Write out the data word for word, taking care that no picture is carried over.

Records from a data source:
****************************************
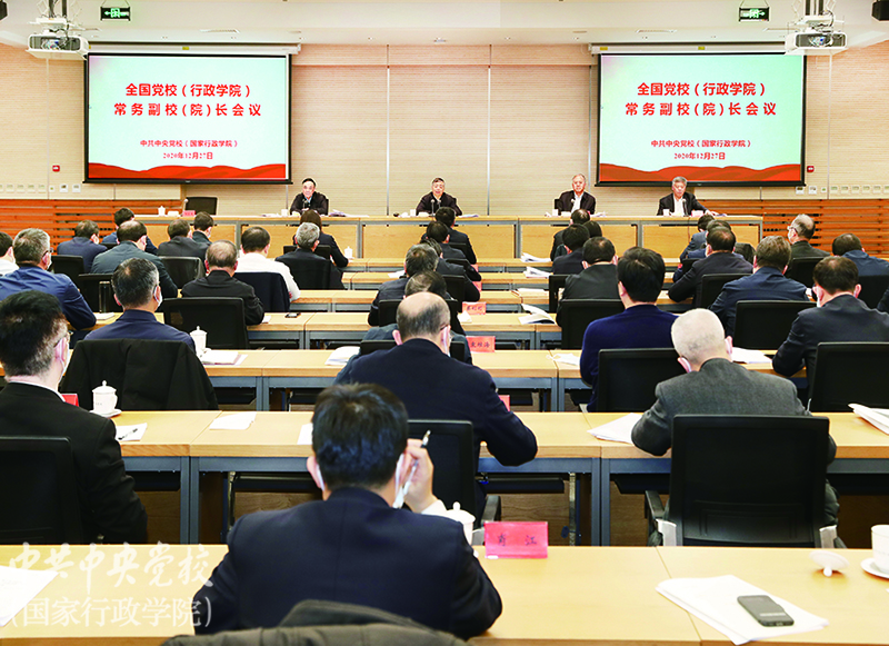 全國黨校(行政學(xué)院)常務(wù)副校(院)長會(huì)議2020年12月27日在中央黨校(國家行政學(xué)院)召開。會(huì)議主題是,深入貫徹習(xí)近平總書記關(guān)于黨校辦學(xué)治校系列重要指示精神,貫徹黨的十九大和十九屆二中、三中、四中、五中全會(huì)精神,進(jìn)一步推動(dòng)《中國共產(chǎn)黨黨校(行政學(xué)院)工作條例》(以下簡稱《條例》)和全國黨校(行政學(xué)院)校(院)長會(huì)議精神落實(shí),研究“十四五”時(shí)期黨校(行政學(xué)院)事業(yè)發(fā)展。中央黨校(國家行政學(xué)院)分管日常工作的副校(院)長李書磊出席會(huì)議并講話,副校(院)長甄占民作會(huì)議討論小結(jié),副校(院)長李季主持會(huì)議,副校(院)長李毅、謝春濤出席會(huì)議。
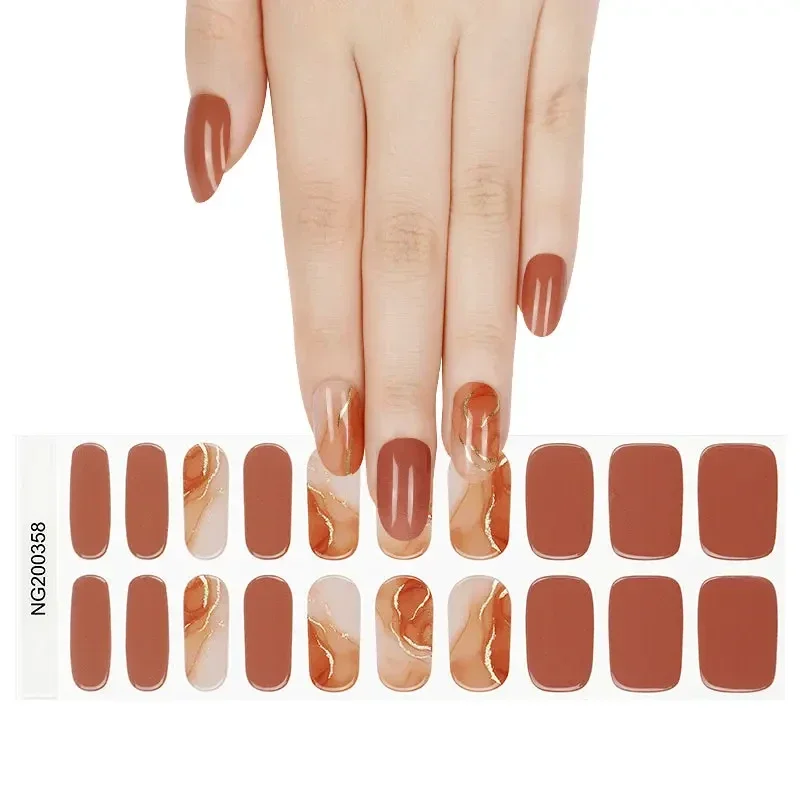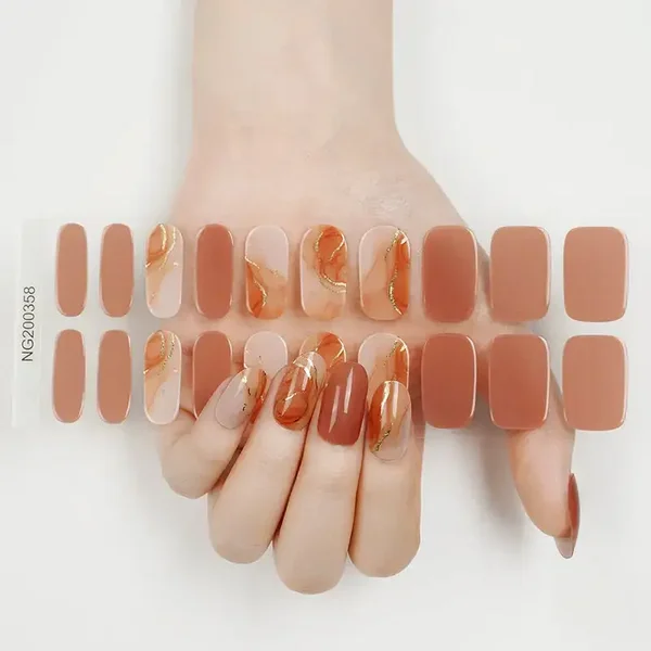 Marble Brown Gold gel nail wraps bieden een elegante combinatie van marmerachtig bruin en luxe gouden accenten. Het stijlvolle design voegt een verfijnde en chique uitstraling toe aan je nagels, perfect voor wie houdt van een moderne, maar tijdloze look. Kies voor Marble Brown Gold voor een luxe manicure met een vleugje glamour.
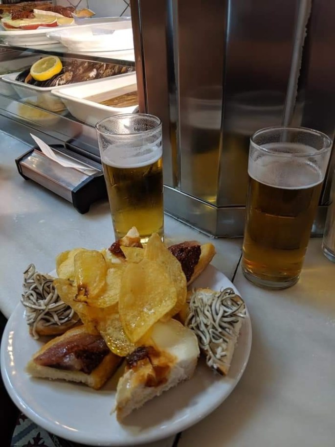 Tapas are quintessential Madrid and the tapas bars in this city are too numerous to count. We begin in an area within walking distance of the famous public square, Puerta del Sol. Like many cities, there are those places that cater to the visitor, and then there are those that are favored by the local. It is in these local bars that we were fortunate to find ourselves sharing plates of olives, jamon serrano, anchovies, gulas, shrimp, morcilla, and tortilla de patatas. Of course, we washed all of this wonderful food down with glasses of local beers.
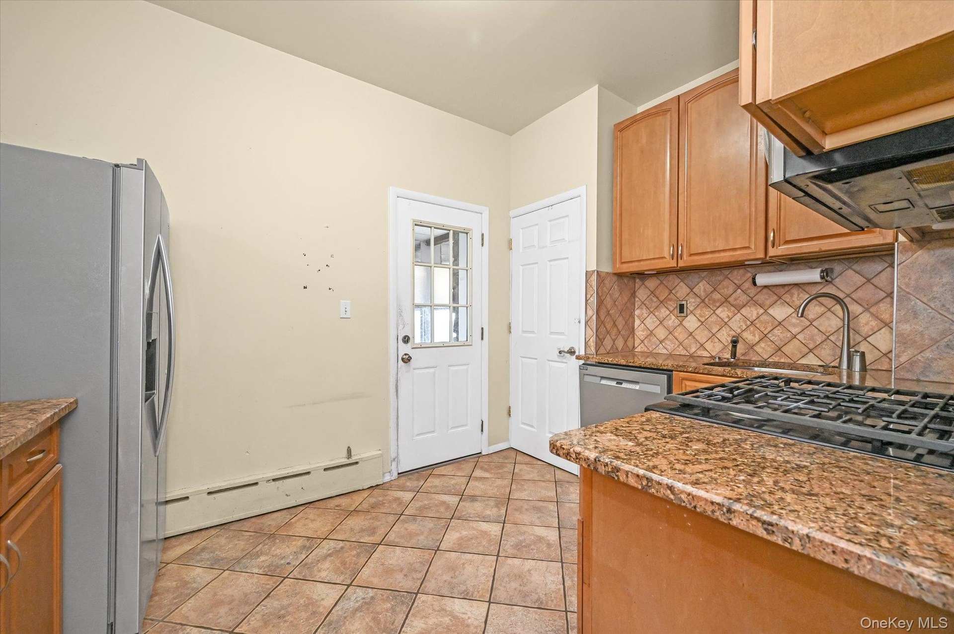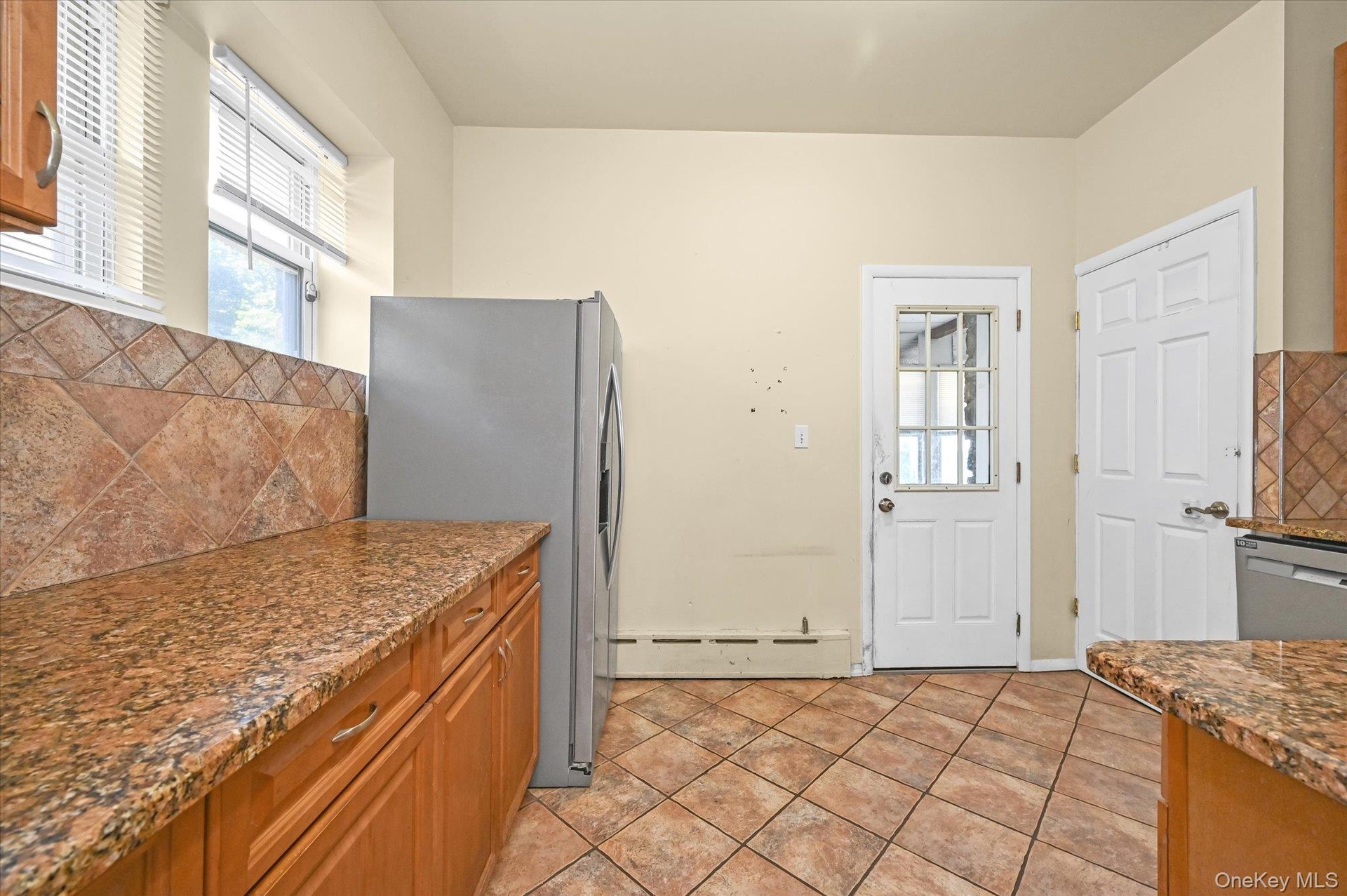 - Kitchen with stainless steel fridge with ice dispenser, baseboard heating, brown cabinetry, light tile patterned flooring, and tasteful backsplash
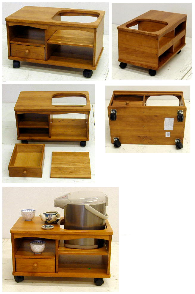 お座敷ワゴン ポットワゴン 引出付 キャスター付き 木製 T5625 |
****************************************
EXPECTED ANSWER:
 全國黨校(行政學(xué)院)常務(wù)副校(院)長會(huì)議2020年12月27日在中央黨校(國家行政學(xué)院)召開。會(huì)議主題是,深入貫徹習(xí)近平總書記關(guān)于黨校辦學(xué)治校系列重要指示精神,貫徹黨的十九大和十九屆二中、三中、四中、五中全會(huì)精神,進(jìn)一步推動(dòng)《中國共產(chǎn)黨黨校(行政學(xué)院)工作條例》(以下簡稱《條例》)和全國黨校(行政學(xué)院)校(院)長會(huì)議精神落實(shí),研究“十四五”時(shí)期黨校(行政學(xué)院)事業(yè)發(fā)展。中央黨校(國家行政學(xué)院)分管日常工作的副校(院)長李書磊出席會(huì)議并講話,副校(院)長甄占民作會(huì)議討論小結(jié),副校(院)長李季主持會(huì)議,副校(院)長李毅、謝春濤出席會(huì)議。
 Marble Brown Gold gel nail wraps bieden een elegante combinatie van marmerachtig bruin en luxe gouden accenten. Het stijlvolle design voegt een verfijnde en chique uitstraling toe aan je nagels, perfect voor wie houdt van een moderne, maar tijdloze look. Kies voor Marble Brown Gold voor een luxe manicure met een vleugje glamour.
 Tapas are quintessential Madrid and the tapas bars in this city are too numerous to count. We begin in an area within walking distance of the famous public square, Puerta del Sol. Like many cities, there are those places that cater to the visitor, and then there are those that are favored by the local. It is in these local bars that we were fortunate to find ourselves sharing plates of olives, jamon serrano, anchovies, gulas, shrimp, morcilla, and tortilla de patatas. Of course, we washed all of this wonderful food down with glasses of local beers.
 - Kitchen with stainless steel fridge with ice dispenser, baseboard heating, brown cabinetry, light tile patterned flooring, and tasteful backsplash
 お座敷ワゴン ポットワゴン 引出付 キャスター付き 木製 T5625 |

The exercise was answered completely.